**PROBLEM TO SOLVE:** Starting at the line holding "This bingo card" and finishing at the line holding "This is the", transcribe the material exactly, keeping both ends but no pictures.

**DATA PROVIDED:**
◇ ◇ ◇ ◇ ◇

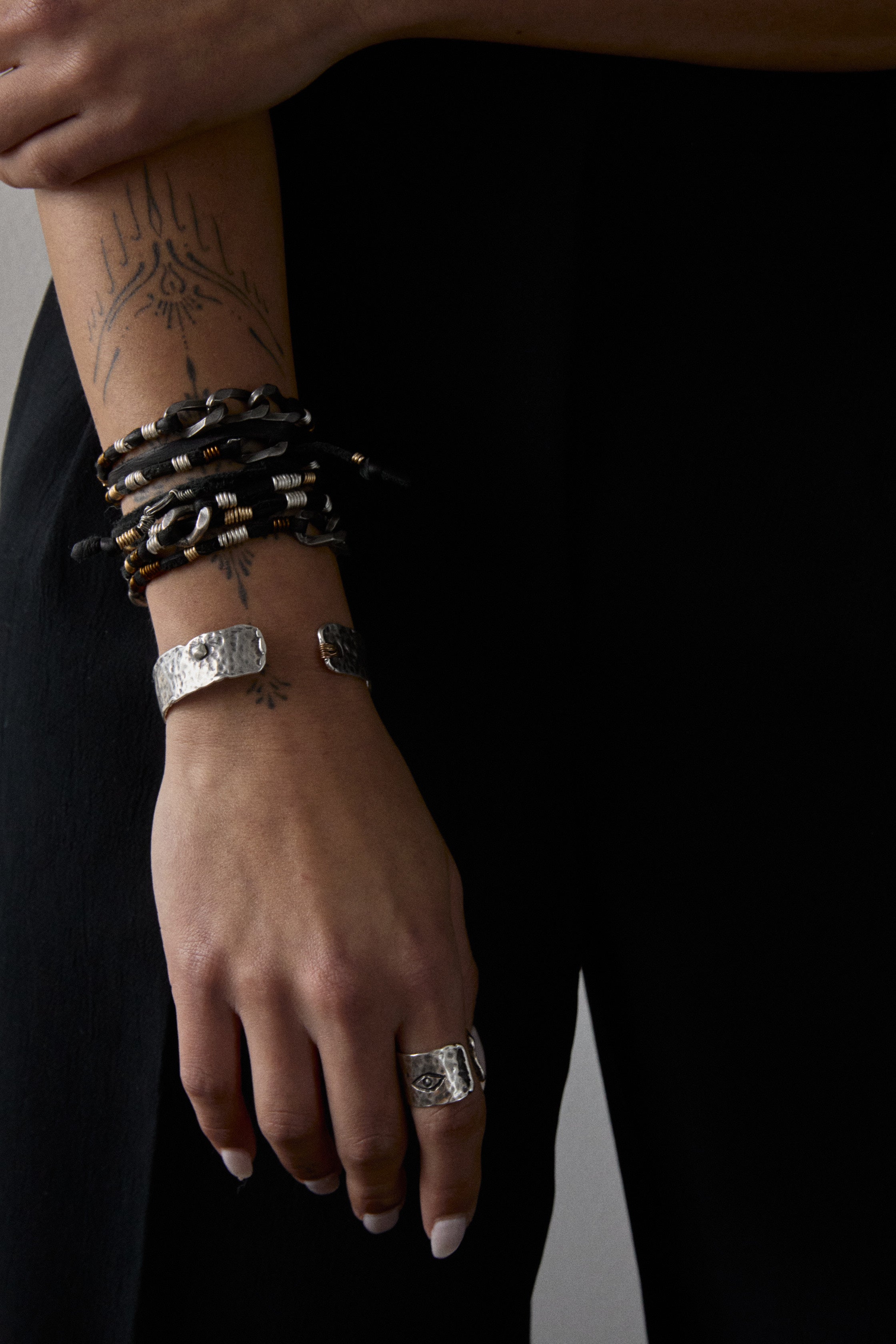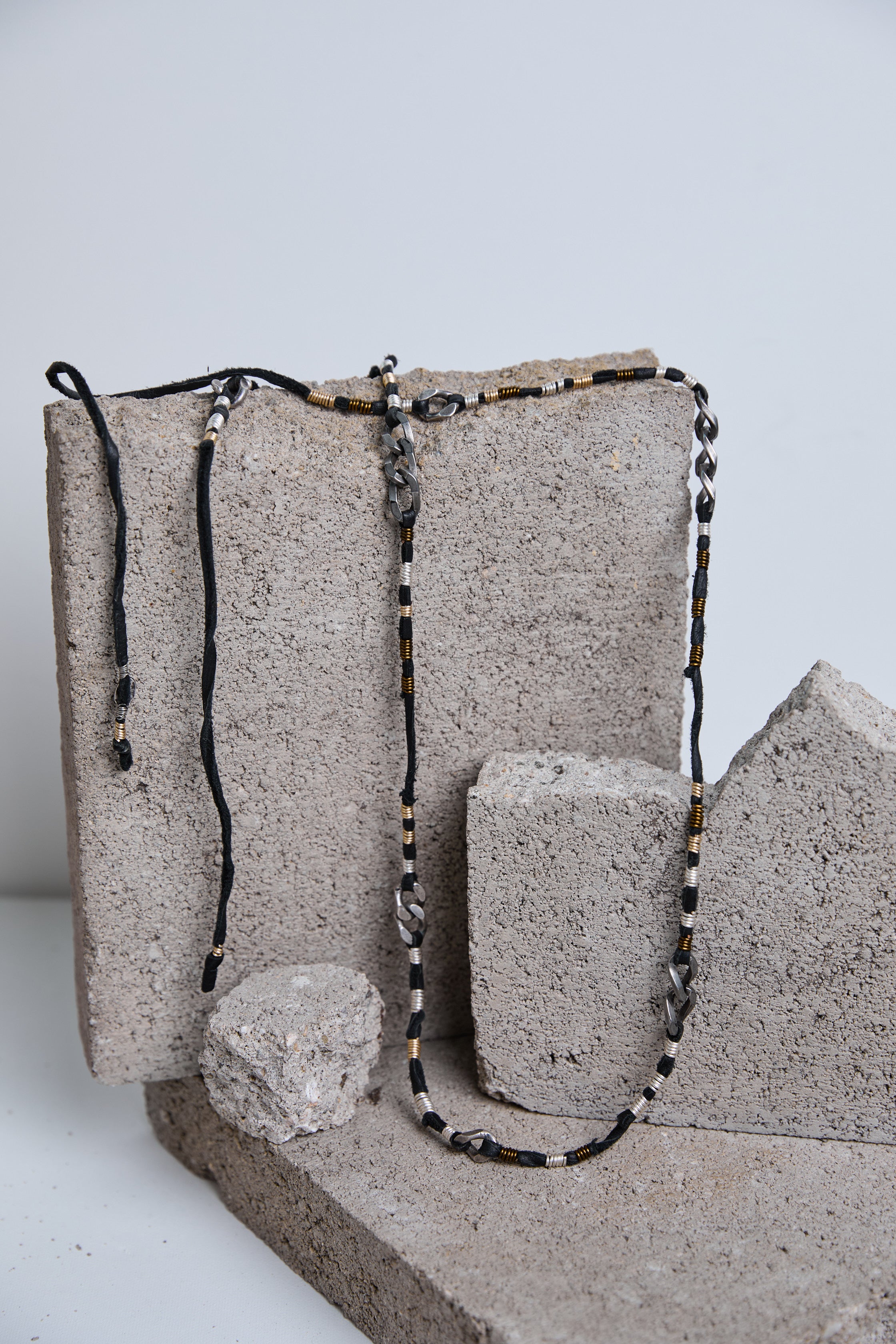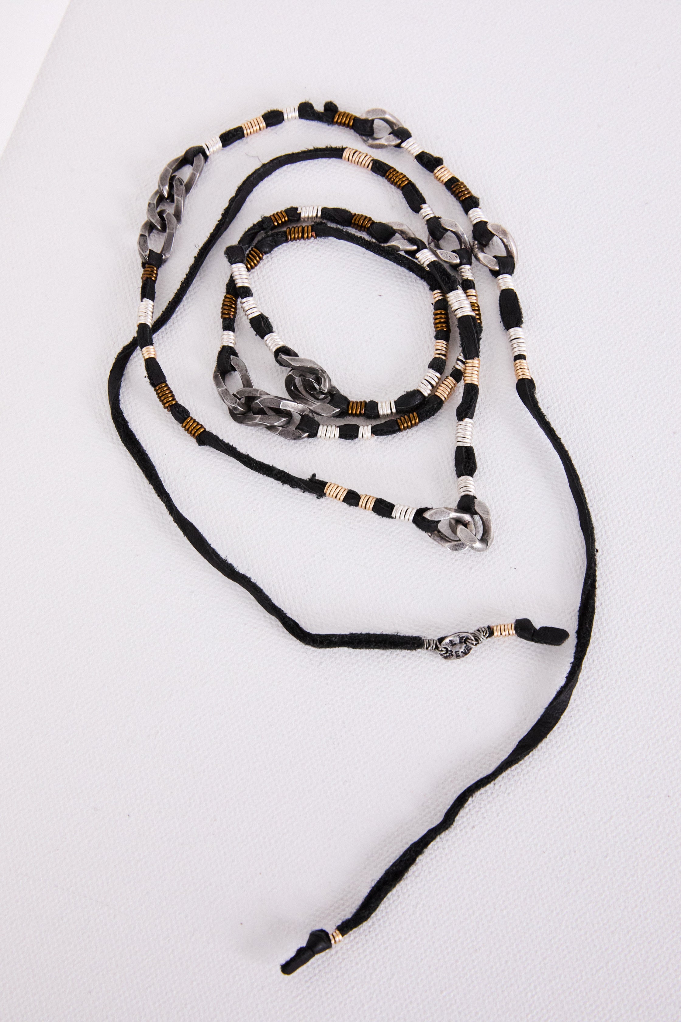 Versatile and on-trend, this layered wrap necklace can be styled an array of ways to suit your mood. Crafted with a mix of wire wrap, chain links, and a leather cord, it effortlessly elevates both casual and dressed-up looks. Its adjustable design makes it perfect for creating a personalized statement—wear it loose, layered, or wrapped tight for a unique, crafty vibe.
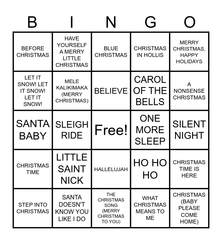 This bingo card has a free space and 75 words: ROCKIN' AROUND THE CHRISTMAS TREE, WHITE CHRISTMAS, BLUE CHRISTMAS, A HOLLY JOLLY CHRISTMAS, FELIZ NAVIDAD, YOU'RE A MEAN ONE, MR GRINCH, SNOWMAN, SANTA TELL ME, MISTLETOE, UNDERNEATH THE TREE, LAST CHRISTMAS, JINGLE BELL ROCK, BELIEVE, LET IT SNOW! LET IT SNOW! LET IT SNOW!, IT'S THE MOST WONDERFUL TIME OF THE YEAR, SLEIGH RIDE, RUN RUDOLPH RUN, CHRISTMAS (BABY PLEASE COME HOME), LIKE IT'S CHRISTMAS, MERRY CHRISTMAS, HAPPY HOLIDAYS, CANDY CANE LANE, SANTA BABY, MELE KALIKIMAKA (MERRY CHRISTMAS), HAVE YOURSELF A MERRY LITTLE CHRISTMAS, CHRISTMAS IN HOLLIS, I WANT A HIPPOPOTAMUS FOR CHRISTMAS, PLEASE COME HOME FOR CHRISTMAS, BABY IT'S COLD OUTSIDE, WHERE ARE YOU CHRISTMAS, SANTA CLAUS IS COMING TO TOWN, WINTER WONDERLAND/HERE COMES SANTA CLAUSE, HERE COMES SANTA CLAUS (RIGHT DOWN SANTA CLAUS LANE), OH SANTA!, HO HO HO, A NONSENSE CHRISTMAS, CAROL OF THE BELLS, TWELVE DAYS OF CHRISTMAS, THE CHIPMUNK SONG (CHRISTMAS DON'T BE LATE), SILENT NIGHT, WHAT CHRISTMAS MEANS TO ME, HAPPY XMAS (WAR IS OVER), SHAKE UP CHRISTMAS, FROSTY THE SNOWMAN, IT'S BEGINNING TO LOOK A LOT LIKE CHRISTMAS, YOU MAKE IT FEEL LIKE CHRISTMAS, MAKE IT TO CHRISTMAS, STEP INTO CHRISTMAS, BEFORE CHRISTMAS, HOT CHOCOLATE, DECK THE HALLS, JOY TO THE WORLD, HALLELUJAH, MERRY CHRISTMAS EVERYONE, CHRISTMAS LIGHTS, DRIVING HOME FOR CHRISTMAS, MY ONLY WISH (THIS YEAR), MARY, DID YOU KNOW?, SANTA, CAN'T YOU HEAR ME, CHRISTMAS TREE FARM, I'LL BE HOME, LITTLE SAINT NICK, THANK GOD IT'S CHRISTMAS, SOMEWHERE ONLY WE KNPW, HEY HO, JINGLE BELLS, ONE MORE SLEEP, WE ARE THE WORLD, UNDER THE TREE, THAT'S CHRISTMAS TO ME, CHRISTMAS TIME IS HERE, CHRISTMAS TIME, SANTA DOESN'T KNOW YOU LIKE I DO, DJ PLAY A CHRISTMAS SONG, THE CHRISTMAS SONG (MERRY CHRISTMAS TO YOU) and ALL I WANT FOR CHRISTMAS IS YOU.
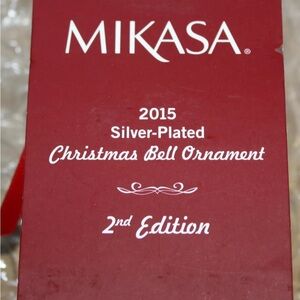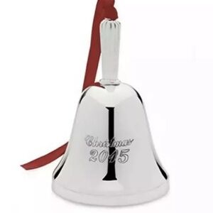 This is the 2nd edition Silver Plated Christmas Bell Ornament, by Mikasa. This bell is crafted from fine silver plate and features the words "Christmas 2015" prominently on the front. The finial of the bell is finished with a fluted design. Comes in a gift box and includes a ribbon for hanging. Silver plated bell ornament measures 3-1/4 inch high x 2-1/2 inch wide.
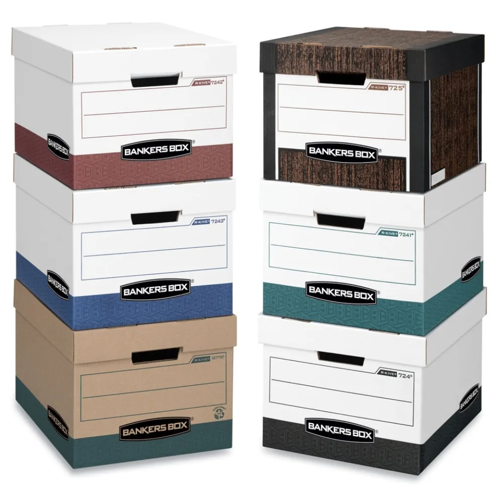 Bankers Box Recycled Stor/File Box has double-end, single-side construction. Medium-duty for use with or without shelving. FastFold quick and easy assembly. Deep, locking, lift-off lid stays in place for secure file storage. Perfect for storing important home or office papers and other items that you need to keep organized for future use. Made from recycled corrugated cardboard. Perfect for use in the office, home office, school, or wherever you need to store important papers, documents or important items.

◇ ◇ ◇ ◇ ◇

**ANSWER FOR THIS EXERCISE:**
 This bingo card has a free space and 75 words: ROCKIN' AROUND THE CHRISTMAS TREE, WHITE CHRISTMAS, BLUE CHRISTMAS, A HOLLY JOLLY CHRISTMAS, FELIZ NAVIDAD, YOU'RE A MEAN ONE, MR GRINCH, SNOWMAN, SANTA TELL ME, MISTLETOE, UNDERNEATH THE TREE, LAST CHRISTMAS, JINGLE BELL ROCK, BELIEVE, LET IT SNOW! LET IT SNOW! LET IT SNOW!, IT'S THE MOST WONDERFUL TIME OF THE YEAR, SLEIGH RIDE, RUN RUDOLPH RUN, CHRISTMAS (BABY PLEASE COME HOME), LIKE IT'S CHRISTMAS, MERRY CHRISTMAS, HAPPY HOLIDAYS, CANDY CANE LANE, SANTA BABY, MELE KALIKIMAKA (MERRY CHRISTMAS), HAVE YOURSELF A MERRY LITTLE CHRISTMAS, CHRISTMAS IN HOLLIS, I WANT A HIPPOPOTAMUS FOR CHRISTMAS, PLEASE COME HOME FOR CHRISTMAS, BABY IT'S COLD OUTSIDE, WHERE ARE YOU CHRISTMAS, SANTA CLAUS IS COMING TO TOWN, WINTER WONDERLAND/HERE COMES SANTA CLAUSE, HERE COMES SANTA CLAUS (RIGHT DOWN SANTA CLAUS LANE), OH SANTA!, HO HO HO, A NONSENSE CHRISTMAS, CAROL OF THE BELLS, TWELVE DAYS OF CHRISTMAS, THE CHIPMUNK SONG (CHRISTMAS DON'T BE LATE), SILENT NIGHT, WHAT CHRISTMAS MEANS TO ME, HAPPY XMAS (WAR IS OVER), SHAKE UP CHRISTMAS, FROSTY THE SNOWMAN, IT'S BEGINNING TO LOOK A LOT LIKE CHRISTMAS, YOU MAKE IT FEEL LIKE CHRISTMAS, MAKE IT TO CHRISTMAS, STEP INTO CHRISTMAS, BEFORE CHRISTMAS, HOT CHOCOLATE, DECK THE HALLS, JOY TO THE WORLD, HALLELUJAH, MERRY CHRISTMAS EVERYONE, CHRISTMAS LIGHTS, DRIVING HOME FOR CHRISTMAS, MY ONLY WISH (THIS YEAR), MARY, DID YOU KNOW?, SANTA, CAN'T YOU HEAR ME, CHRISTMAS TREE FARM, I'LL BE HOME, LITTLE SAINT NICK, THANK GOD IT'S CHRISTMAS, SOMEWHERE ONLY WE KNPW, HEY HO, JINGLE BELLS, ONE MORE SLEEP, WE ARE THE WORLD, UNDER THE TREE, THAT'S CHRISTMAS TO ME, CHRISTMAS TIME IS HERE, CHRISTMAS TIME, SANTA DOESN'T KNOW YOU LIKE I DO, DJ PLAY A CHRISTMAS SONG, THE CHRISTMAS SONG (MERRY CHRISTMAS TO YOU) and ALL I WANT FOR CHRISTMAS IS YOU.
 This is the 2nd edition Silver Plated Christmas Bell Ornament, by Mikasa. This bell is crafted from fine silver plate and features the words "Christmas 2015" prominently on the front. The finial of the bell is finished with a fluted design. Comes in a gift box and includes a ribbon for hanging. Silver plated bell ornament measures 3-1/4 inch high x 2-1/2 inch wide.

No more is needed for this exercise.